Nephew cries. Junior freezes. Nephew bolts to the window to peek through the curtains. He turns from the window, their eyes lock, Nephew runs out of the room. Junior grabs the handcuffs and locks us up as fast as he can. His eyes are cold and round like beads of steel. “What’s going on?” Tom says.

“Shut up!” Junior barks.
“La killam, la killam!”
He forms his hand into a gun and points it at his head.
This is what will happen to you if you talk
. He hurries from the room.

“It sounds like a tank,” Tom says. “It must be some kind of patrol.” Fear courses full-throttle through my body. Is this the nightmare scenario, a military rescue, the open-fire, gun-and-bomb fight to the death we’ve been dreading?

I strain to catch every sound. The whirring moves closer. Downstairs, furniture scrapes across the floor. Nephew’s and Junior’s voices are urgent, panicked, arguing, then silent. I look helplessly at my handcuffed hands. There’s nothing we can do to protect ourselves. There are clipped shouts, voices in the street giving orders. The whirring moves away slowly and fades into the night. Junior and Nephew return shortly afterwards. Junior looks at us intently. His eyes are sinister, almost crazed.
We could’ve been killed
, they seem to say.
The soldiers, the occupation, the danger we’re in, it’s all your fault. You’re going to have to pay for this
. He’s holding something in his hand. I can’t tell what it is. It’s not a cellphone. Nephew steps forward to unlock us.

Norman begins the rotation through the bathroom while Harmeet and I start setting up our bed. Tom approaches Junior. “What
happened? What happened outside?” he asks, pointing to the window. Junior gives him a menacing look. “This soldier?
Jaysh Amriki? Britannia?”
Tom presses.

Junior steps towards Tom and jabs him in the chest. “No Amriki. No
Britannia
. This no
hazeem
—no escape.”

Tom shakes his head.
“La hazeem,”
he says. He turns away from Junior and busies himself with setting up our bed.

Junior sits down. He stares vacantly at the object in his hands. I can’t tell what it is in the dim light. “Shuhada
bil Arabi?”
I hear Harmeet ask.

“Romana,”
Junior answers.

“In English we call that a grenade.”

My head turns and my eyes lock onto the object in Junior’s hands. Oh my God, he
is
holding a grenade! Junior looks up and sees me watching him. There’s a mad gleam in his eyes. He stands up and makes as if to pull the pin. “Boom,” he says, opening his arms in a slow-motion display of a bomb exploding. “Amriki
mot.”

Nephew holds out his hand for the grenade.

“La mezjoon, la mezjoon,”
he says, holding up his wrists as if they were handcuffed. He points at us and repeats the action of throwing the grenade. If they try to take him prisoner, he will fight to the death and take us with him.

Nephew gestures towards the grenade. He is calm, friendly, cajoling. Junior shakes his head. He doesn’t want to give it to him. They talk back and forth. Nephew waits patiently. Junior reluctantly gives him the grenade. Nephew continues to hold out his hand. Junior, petulant, takes a second grenade out of his pocket. Nephew flashes me a look as he turns towards the door and leaves the room. He too is relieved.
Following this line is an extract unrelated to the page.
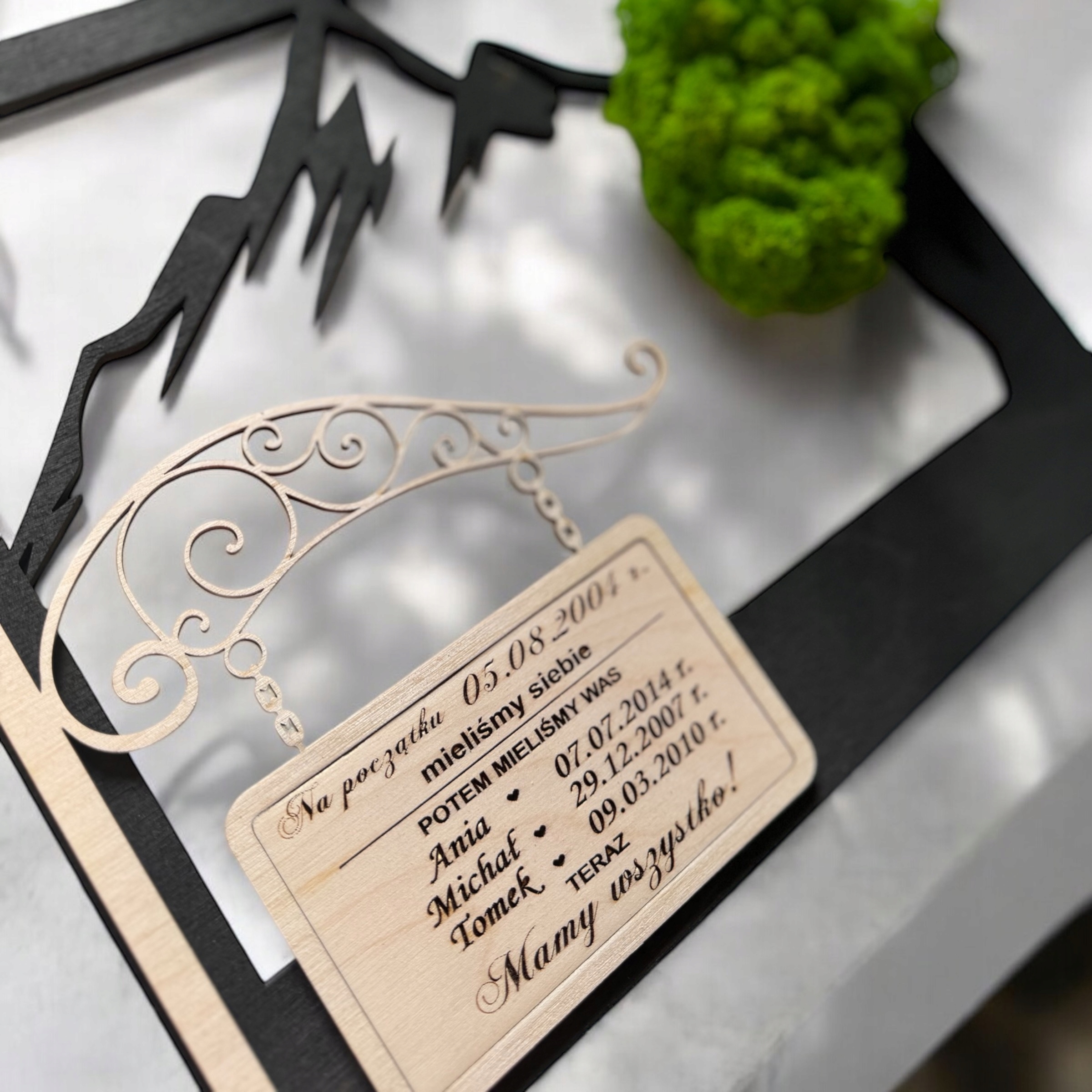 ✌️Гравированная табличка - Персонализированная семейная история, выгравированная в дереве с особой тщательностью. Содержит самые важные даты и события, такие как свадьбы, рождение детей и другие важные моменты.

Sleep is impossible. I can’t get it out of my head. “This in car and BOOM,” he’d said.
This is my body. Exploding for you. Take this. What you have done unto me, I shall do unto you. Limb for limb, life for life, ash unto ash. It is necessary. It is righteous. It is just. For my family’s blood I will be a martyr
. At least then it will be done, I think. He won’t be able to kill anymore.